**YOUR TASK:** An exact transcription of all the data is required; the pictures are to be left out.

↓↓↓

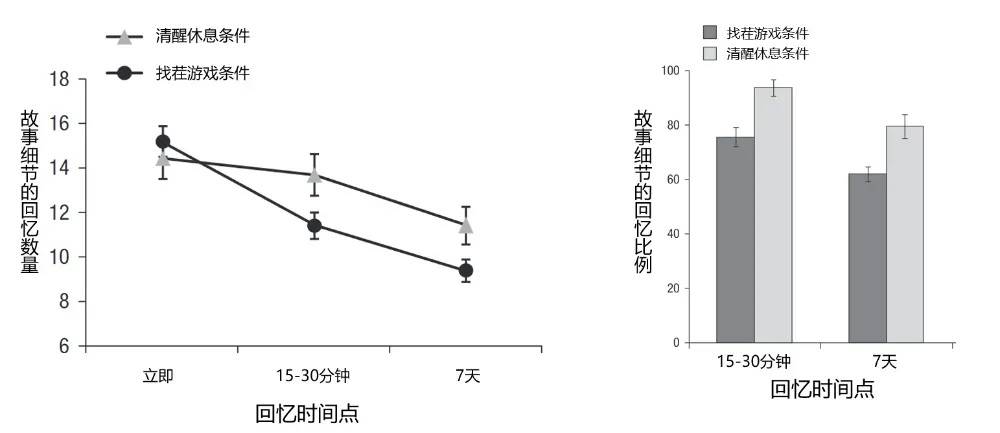 3.测试环节:参与者需要在听完故事的15~30分钟和1周后,分别回忆两个故事的细节信息。
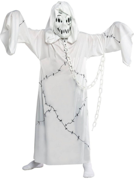 • Give your child a truly haunting Halloween this year when you pick up our Cool Ghoul Kids Costume! With your purchase, you will receive a spooky white robe with black stitch print and an attached white chain, as well as a white skull mask. Pair this with a fun scythe or sword from our site, and your child will really be terrorizing the town. Buy your costume today, and go make this Halloween a real terrifying night to remember!
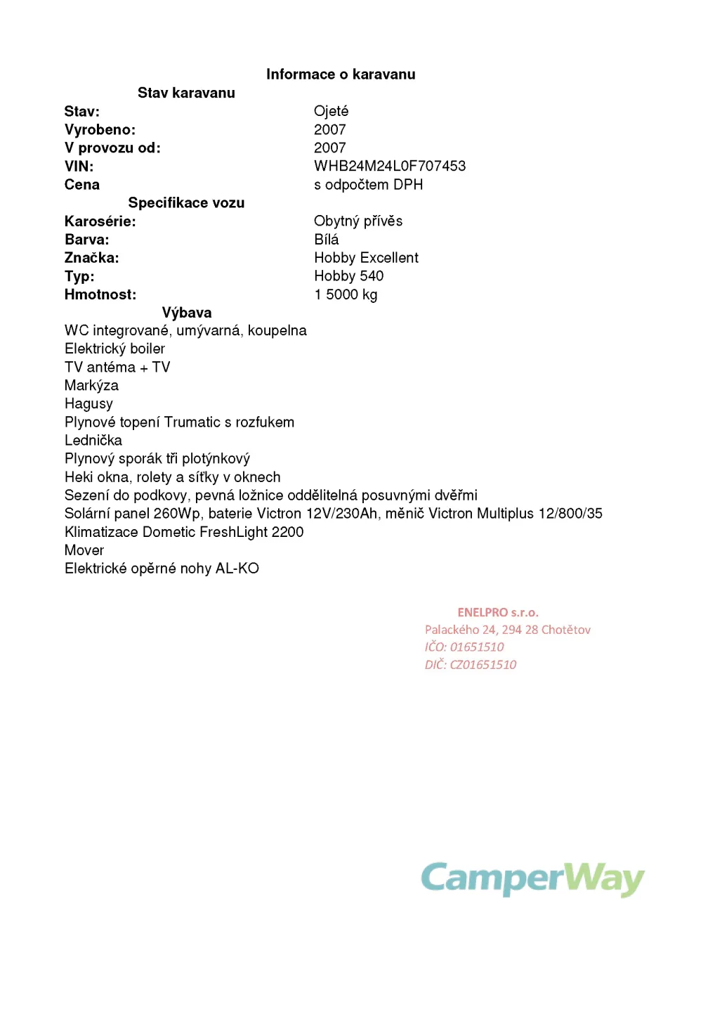 Nabízím k prodeji karavan Hobby 540 Excellent
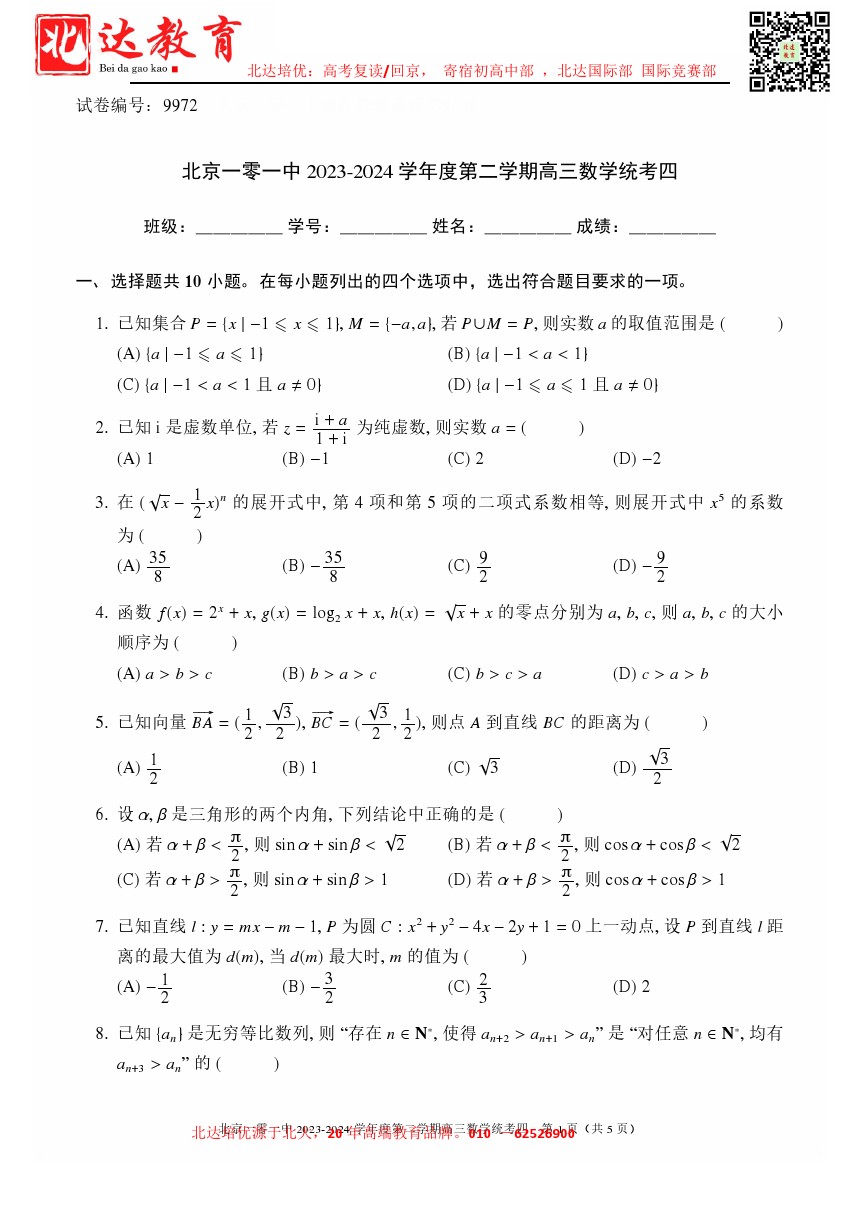 2024北京各中学高三开学考已结束,为了方便同学们查找相关试题,北达高考网特意整理了2024北京一零一中高三下开学考数学试题及答案,需要的同学赶紧下载练习吧。
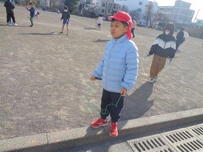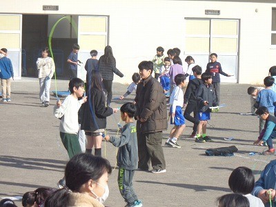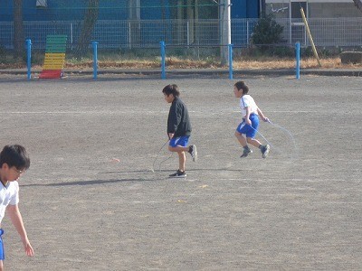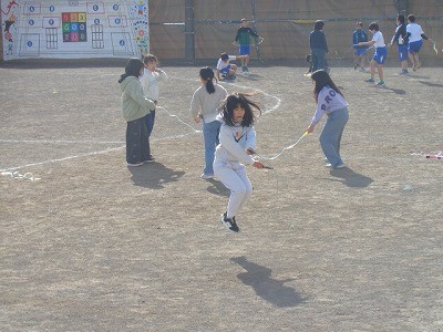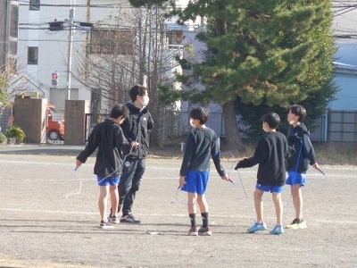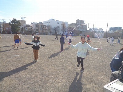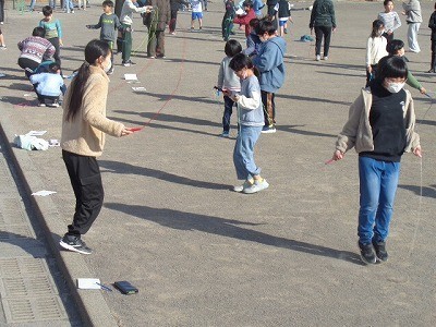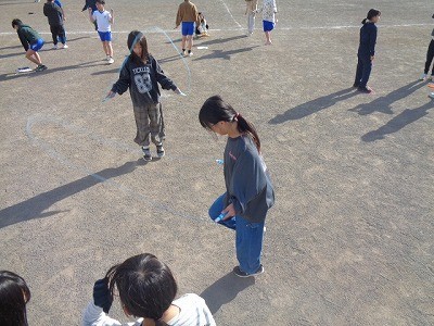 なわとびをみんなで一生懸命行っています。
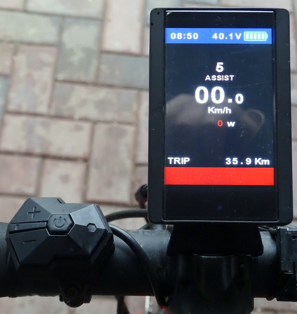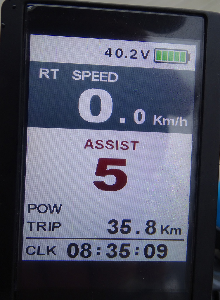Angaben über die Unterstützungsstärke gibt es wie gesagt von C.B.T. Italia nicht, auf jeden Fall ist die Unterstützung durch den Motor ganz offensichtlich in der jeweiligen Unterstützungsstufe konstant. Der im Display angezeigte Wert von 270W und mehr in der Unterstützungsstufe 5 ist allerdings unserer Meinung nach auch zu hoch; der Schub durch den Motor ist hier deutlich geringer als z. B. bei dem Boschmotor Performance Line CX oder dem Shimano EP8. ?? Es bleibt hier also eine ziemlich große Unsicherheit.

↑↑↑

**OUTPUT BELOW:**
 3.测试环节:参与者需要在听完故事的15~30分钟和1周后,分别回忆两个故事的细节信息。
 • Give your child a truly haunting Halloween this year when you pick up our Cool Ghoul Kids Costume! With your purchase, you will receive a spooky white robe with black stitch print and an attached white chain, as well as a white skull mask. Pair this with a fun scythe or sword from our site, and your child will really be terrorizing the town. Buy your costume today, and go make this Halloween a real terrifying night to remember!
 Nabízím k prodeji karavan Hobby 540 Excellent
 2024北京各中学高三开学考已结束,为了方便同学们查找相关试题,北达高考网特意整理了2024北京一零一中高三下开学考数学试题及答案,需要的同学赶紧下载练习吧。
 なわとびをみんなで一生懸命行っています。
Angaben über die Unterstützungsstärke gibt es wie gesagt von C.B.T. Italia nicht, auf jeden Fall ist die Unterstützung durch den Motor ganz offensichtlich in der jeweiligen Unterstützungsstufe konstant. Der im Display angezeigte Wert von 270W und mehr in der Unterstützungsstufe 5 ist allerdings unserer Meinung nach auch zu hoch; der Schub durch den Motor ist hier deutlich geringer als z. B. bei dem Boschmotor Performance Line CX oder dem Shimano EP8. ?? Es bleibt hier also eine ziemlich große Unsicherheit.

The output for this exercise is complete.